Glaucoma, a leading cause of blindness worldwide, occurs when the eye drainage system fails, leading to fluid buildup and increased pressure.
New research suggests the immune system may play a direct role in preventing that damage. In a study published in Immunity, scientists identified a specialized population of immune cells, known as resident macrophages, that help keep the eye’s drainage system functioning properly.
The study used fluorescently tagged resident macrophages in mouse eyes, finding that these cells regulate intraocular pressure (IOP) by controlling extracellular matrix turnover in the eye’s outflow tissues.
A persistent problem in glaucoma care
Current glaucoma treatments focus on lowering IOP, typically by reducing fluid production or improving its drainage, but these approaches do not always prevent disease progression.
“Despite our existing treatments, glaucoma remains a leading cause of permanent vision loss, with some patients still going blind from glaucoma,” said Dr. Katy Liu, assistant professor of ophthalmology at Duke Eye Center and lead author of the study. “New treatments that target the source of the disease are needed.”
Tracking immune cells in the eye
The researchers focused on macrophages, immune cells known for clearing debris and maintaining tissue health. While macrophages are abundant in the eye’s drainage pathway, their function in regulating pressure was unknown.
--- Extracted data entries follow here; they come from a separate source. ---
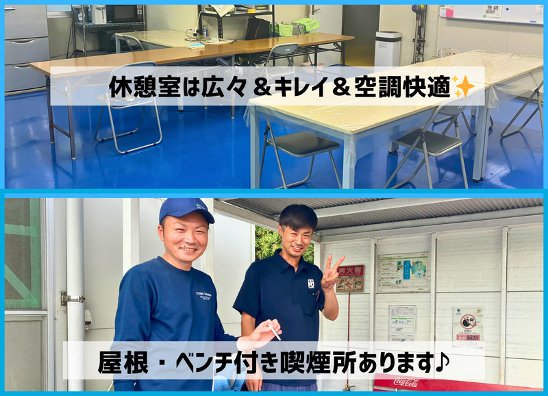 職場環境 構内に食堂があり、弁当注文もできます(500円程度)事務所に配達もしてもらえるので便利です♪ 男性中心の職場で、みんな優しくていい人ばかり。長年活躍している先輩もたくさんいます! 早く新人さんが入ることを楽しみにお待ちしてます✨ 喫煙所:喫煙所あり(屋外) 外に屋根付き&ベンチがある喫煙所があります。 休憩スペースとしても人気の場所です♪ いくつか喫煙所があって便利です☆ タバコ休憩の時に雑談したり、みんな仲良しです✨
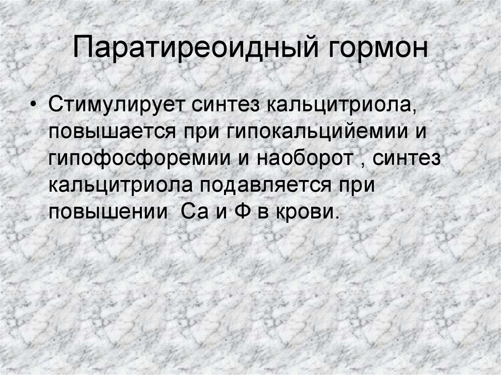 • Стимулирует синтез кальцитриола,повышается при гипокальцийемии и
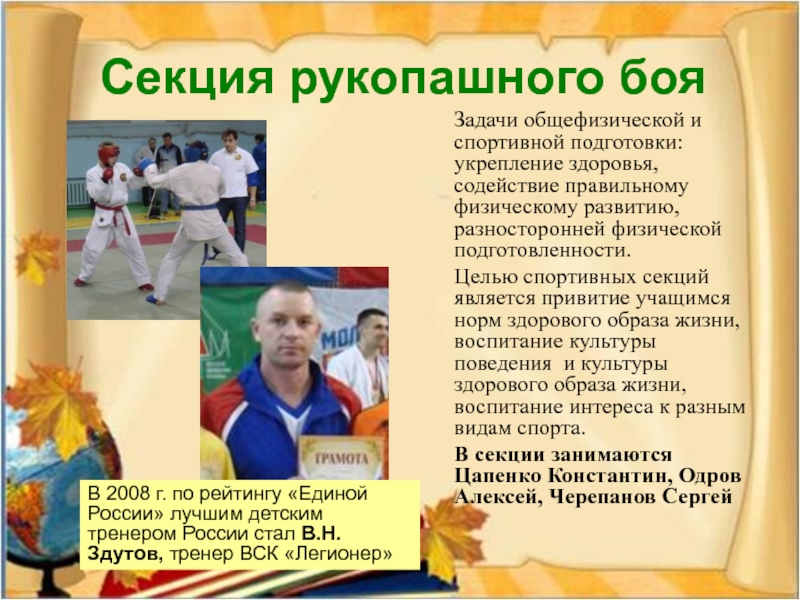 В 2008 г. по рейтингу «Единой России» лучшим детским тренером России стал В.Н. Здутов, тренер ВСК «Легионер»
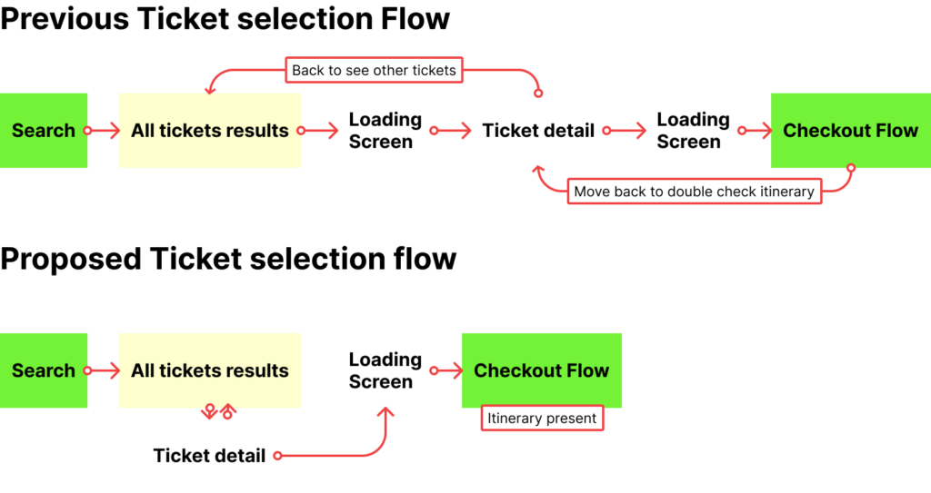 Solution: I worked with developers to explore the possibility of retrieving all ticket details during the initial load. Although we discovered this would negatively impact loading times, we made a smaller adjustment that removed one loading screen, improving the overall user experience.

Using genetically engineered mice, the team tracked macrophage populations over time and distinguished between two types: long-lived resident macrophages, which persist in tissues, and monocyte-derived macrophages, which are continually replenished from the bloodstream.
They found that resident macrophages were concentrated in the region responsible for generating most of the eye’s outflow resistance, while monocyte-derived macrophages were more common in downstream vessels.
Removing the “cleanup crew”
To test function, the researchers selectively depleted resident macrophages. Within four days, this led to a measurable increase in IOP—from 16.9 to 18.4 mmHg—and a 59% reduction in outflow facility, a measure of how easily fluid exits the eye. They also found that extracellular matrix accumulated in the outflow tract, increasing resistance to fluid drainage.
“Resident macrophages are needed to maintain healthy intraocular pressure in the outflow tract,” Liu said. “Without them, extracellular matrix material accumulates in the outflow tract tissues and intraocular pressure increases.”
By contrast, removing monocyte-derived macrophages did not affect IOP or fluid dynamics, underscoring that not all immune cells in the tissue perform the same function. “We found that resident macrophages, but not all macrophages, work to maintain healthy IOP,” Liu said. “The function of other macrophage populations is currently unknown.”
Targeting the source of pressure dysregulation
The findings suggest that resident macrophages act to prevent buildup in the eye’s drainage pathway and preserve normal pressure. In glaucoma, dysfunction in this outflow system is a key driver of disease.
“In open-angle glaucoma, the most common form of glaucoma, the source of the disease is dysfunction in the outflow tract. Targeting resident macrophages would address the source of the pressure dysregulation, which the majority of glaucoma therapies do not currently do,” Liu explained.
While the study was conducted in mice, Liu is interested in determining whether similar mechanisms exist in humans: “Our next steps are to identify and compare resident macrophages and their functional roles in the outflow tract of healthy human eyes versus eyes with glaucoma.”
If confirmed, the findings could open the door to new treatments that go beyond lowering pressure and instead restore the normal function of the eye drainage system.
Reference: Liu KC, Grimsrud AO, Suarez MF, et al. Resident tissue macrophages maintain intraocular pressure homeostasis. Immunity. 2026. doi:10.1016/j.immuni.2026.01.025
About the interviewee:
Dr. Katy Liu is an associate professor in the Department of Ophthalmology at the Duke University Eye Center. She is a board-certified, glaucoma fellowship-trained glaucoma specialist and clinician-scientist with a PhD in Cell & Molecular Physiology, and her primary focus is to make basic science discoveries that can be translated from the bench to glaucoma patients.